Erasing Telegraf's persistent storage area triggers self-healing and restores known defaults:

$ cd ~/IOTstack
$ docker-compose down telegraf
$ sudo rm -rf ./volumes/telegraf
$ docker-compose up -d telegraf

Notes:

You can also remove individual files within the persistent storage area and then trigger self-healing. For example, if you decide to edit telegraf-reference.conf and make a mess, you can restore the original version like this:
```
$ cd ~/IOTstack
$ sudo rm ./volumes/telegraf/telegraf-reference.conf
$ docker-compose restart telegraf
```
See also if downing a container doesn't work

Resetting the InfluxDB database¶

To reset the InfluxDB database that Telegraf writes into, proceed like this:

$ cd ~/IOTstack
$ docker-compose down telegraf
$ docker exec -it influxdb influx -precision=rfc3339
> drop database telegraf
> exit
$ docker-compose up -d telegraf

In words:

Be in the right directory.
Stop the Telegraf container (while leaving the InfluxDB container running). See also if downing a container doesn't work.
Launch the Influx CLI inside the InfluxDB container.
Delete the telegraf database, and then exit the CLI.
Start the Telegraf container. This re-creates the database automatically.

Upgrading Telegraf¶

You can update most containers like this:

$ cd ~/IOTstack
$ docker-compose pull
$ docker-compose up -d
$ docker system prune

In words:

docker-compose pull downloads any newer images;
docker-compose up -d causes any newly-downloaded images to be instantiated as containers (replacing the old containers); and
the prune gets rid of the outdated images.

This strategy doesn't work when a Dockerfile is used to build a local image on top of a base image downloaded from DockerHub. The local image is what is running so there is no way for the pull to sense when a newer version becomes available.

The only way to know when an update to Telegraf is available is to check the Telegraf tags page on DockerHub.

Once a new version appears on DockerHub, you can upgrade Telegraf like this:

$ cd ~/IOTstack
$ docker-compose build --no-cache --pull telegraf
$ docker-compose up -d telegraf
$ docker system prune
$ docker system prune

Breaking it down into parts:

build causes the named container to be rebuilt;
--no-cache tells the Dockerfile process that it must not take any shortcuts. It really must rebuild the local image;
--pull tells the Dockerfile process to actually check with DockerHub to see if there is a later version of the base image and, if so, to download it before starting the build;
telegraf is the named container argument required by the build command.

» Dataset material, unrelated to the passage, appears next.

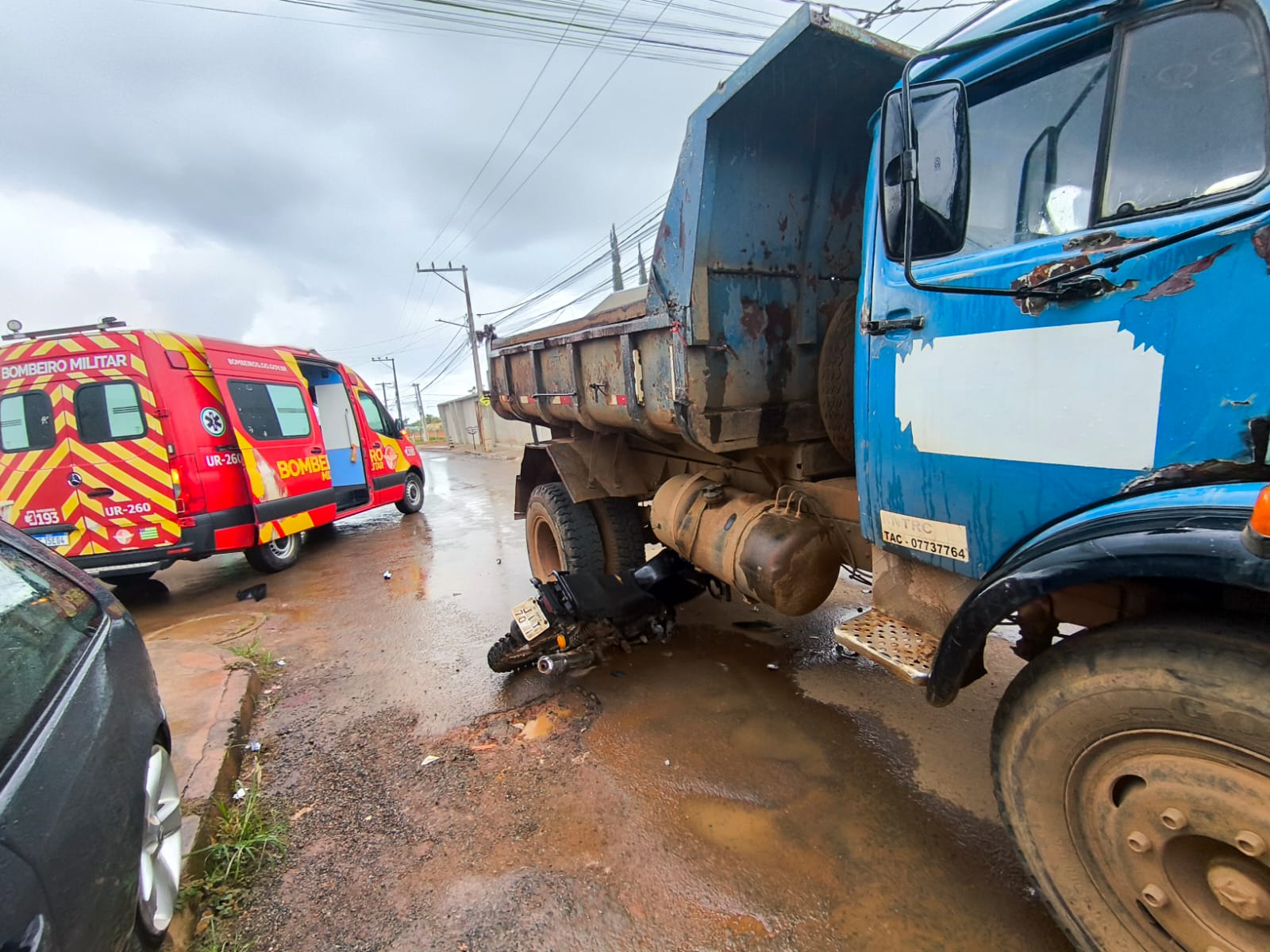 O sinistro aconteceu no cruzamento das Ruas 02 e 42. De acordo com informações do Centro de Operações de Bombeiros (COB 193), a motocicleta trafegava pela Rua 02, no sentido IFG, enquanto o caminhão seguia pela Rua 42, com destino ao Centro, quando os veículos colidiram na intersecção.

Your existing Telegraf container continues to run while the rebuild proceeds. Once the freshly-built local image is ready, the up tells docker-compose to do a new-for-old swap. There is barely any downtime for your service.

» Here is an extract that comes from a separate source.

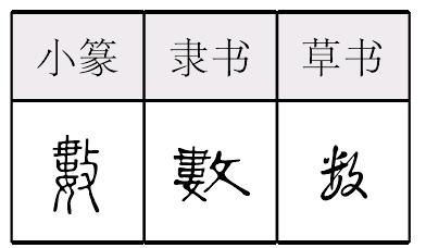 數,形声,从攵或攴,婁声,本义读shǔ,计算,引申为逐条列举过错、责备、计算起来(最突出)等;又读shù,引申为数目、几个(不确定的数目),假借为命运;又读shuò,引申为副词,屡次。《简化字表》类推简作“数”。 【辨析】 以“数”作音符构成的形声字一般读sǒu:擞、薮。数〈动〉(1)数落(lào);说唱。 《金》五一: 先是郁大姐~了回《张生游宝塔》,放下琵琶。孟玉楼在旁斟酒哺菜儿与他吃,说道:“贼瞎贱(曳)磨的,唱了这一日,又说我不疼你。” (2) 称道;看得起。 《金》五八: 没廉耻的小妇人,别人称道你便好,谁家自己称是四娘来?这一家大小谁兴你?谁~你?谁叫你是四娘? 另见shù。
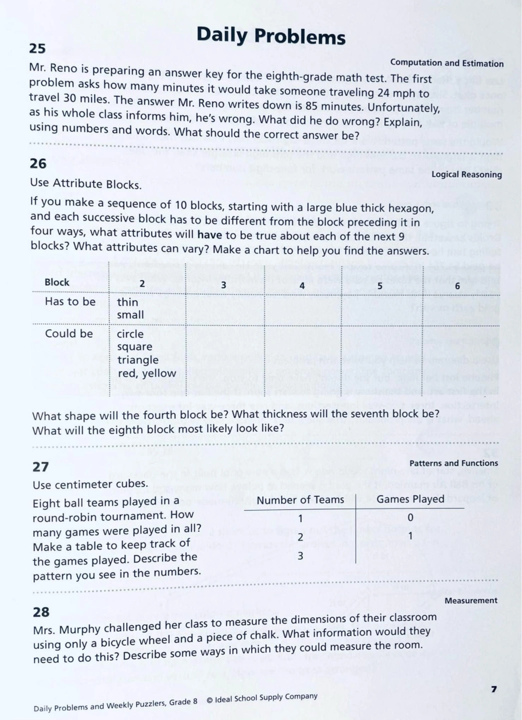 MATH: DAILY PROBLEMS & WEEKLY PUZZLERS (GR. 7&8)

The prune is the simplest way of cleaning up. The first call removes the old local image. The second call cleans up the old base image. Whether an old base image exists depends on the version of docker-compose you are using and how your version of docker-compose builds local images.

Telegraf version pinning¶

If you need to pin Telegraf to a particular version:

Use your favourite text editor to open the following file:
```
~/IOTstack/.templates/telegraf/Dockerfile
```
Find the line:
```
FROM telegraf:latest
```
Replace latest with the version you wish to pin to. For example, to pin to version 1.19.3:
```
FROM telegraf:1.19.3
```
Save the file and tell docker-compose to rebuild the local image:
```
$ cd ~/IOTstack
$ docker-compose up -d --build telegraf
$ docker system prune
```
The new local image is built, then the new container is instantiated based on that image. The prune deletes the old local image.

Note:

As well as preventing Docker from updating the base image, pinning will also block incoming updates to the Dockerfile from a git pull. Nothing will change until you decide to remove the pin.